The Phil has worked hard to keep music going during the pandemic, albeit in socially distanced fashion on stage and off.

Now, with the full orchestra back for the first time in 18 months, even the pre-concert tuning up had a lovely deep, augmented symphonic sound to it.

So, new season, new Covid-safe rules (capacity seating but Covid passports at the door and masks still in evidence on many faces) and, of course, a new conductor in the form of Venezuelan maestro Domingo Hindoyan.

The observant would have noticed no National Anthem though.

Still, there was plenty going on in the main programme which announced a return of business as usual in a riot of big tunes, crazy rhythms and sunny exuberance.

At the heart of the evening was Clara Schumann’s piano concerto, composed when she was only 15 and still the child prodigy Clara Wieck, part of the season’s celebration of female music makers – and, aptly, performed by another bright young star in Isata Kanneh-Mason.

Above: Isata Kanneh-Mason. Top: Domingo Hindoyan with a full-strength Royal Liverpool Philharmonic. Photos by Brian Roberts


Kanneh-Mason’s planned tenure as young artist in residence during 2020/21 has been extended into the new season which is good news for Liverpool audiences.

The eldest of the endlessly talented musical siblings recorded the piano concerto with the RLPO as part of her debut album Romance, a celebration of Clara’s music.

Here in the hall, rather than the Friary recording studio, she swept through its physically demanding virtuosic allegro solo passages with real power, while bringing a lovely warm, sensitive tone and texture to the central Romanze duet with Jonathan Aasgaard’s expressive cello.

Hindoyan kept the full force of the orchestra carefully tempered through the andante but let it loose in the energetic allegro finale, gathering up big melodies as it rolled on in satisfying counterpoint to Kanneh-Mason’s energetic piano.

Earlier the evening announced itself with a pair of punchy waltzes from Strauss’s Der Rosenkavalier.

The first was a voluptuous limb loosener with a sweet clarinet melody from Nick Carpenter, a blazing, colourful finale, and plenty of swirling animation from a smiling Hindoyan (we have another dancer on the box, although I don’t recall Petrenko ever attempting the snap from ‘bend and snap’ or a move that could be described as ‘kung-fu ooo’), while the second, suffused with woodwind, was lighter on its feet albeit with a heart-thumping final flourish.

Domingo Hindoyan. Photo by Brian Roberts


The heart-thumping flourishes continued after the interval in an atmospheric reading of the second suite of Falla’s Three-Cornered Hat.

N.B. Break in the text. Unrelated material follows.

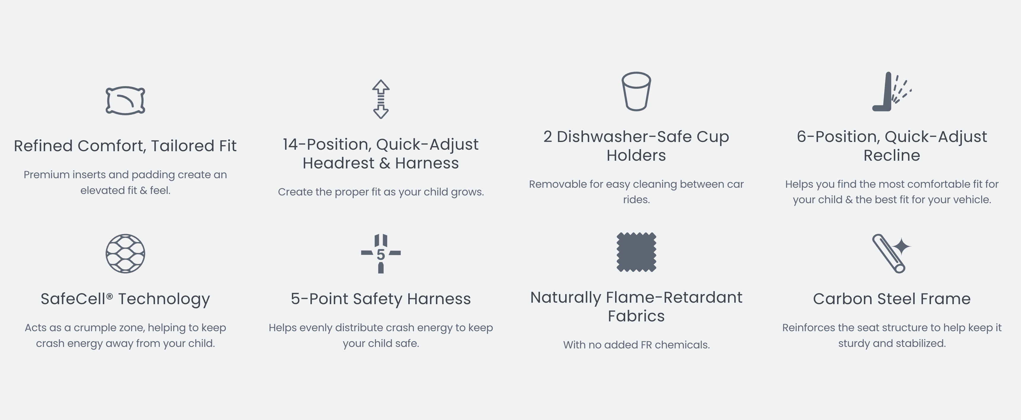 - SpaceSaver Design: Slim outside, spacious inside: 17” seat design without compromising on trusted Britax safety & premium comfort.
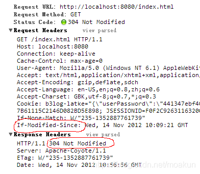 2. 浏览器也很聪明,当你再次(点击链接,或者F5,或者回车,但是不能是ctrl+F5)请求这个资源时,浏览器会询问server这个资源自上次告诉我的最后修改时间以来有没有被修改(请求头中If-Modified-Since)。(见图二)

The central melody of its Neighbours’ seguidillas was spun out nicely through woodwind, celeste and French horn, while Hindoyan ramped up the drama in an earthy farruca and carried it through into a furiously pulsing, jubilant jota finale.

Grandos’ Intermezzo, complete with appealing cello and violin theme over plucked violas and basses, proved a palate cleanser before Ravel’s disquieting, giddy La Valse completed the evening.

Although not content to stop there, Hindoyan threw in a nod to last spring’s Sound the Trumpet concert with a dynamic encore snippet of Arturo Marquez’s Concierto de otono.

This season opener featured a partial reorganisation of section seating, with the violas to the conductor’s right, harps shifted further into the main body of the orchestra and timpani moving far left – the latter of which frustratingly unbalanced some of the overall sound, for this listener on that side of the hall at least.

Whether it was a one off, or Hindoyan’s preferred configuration, remains to be seen.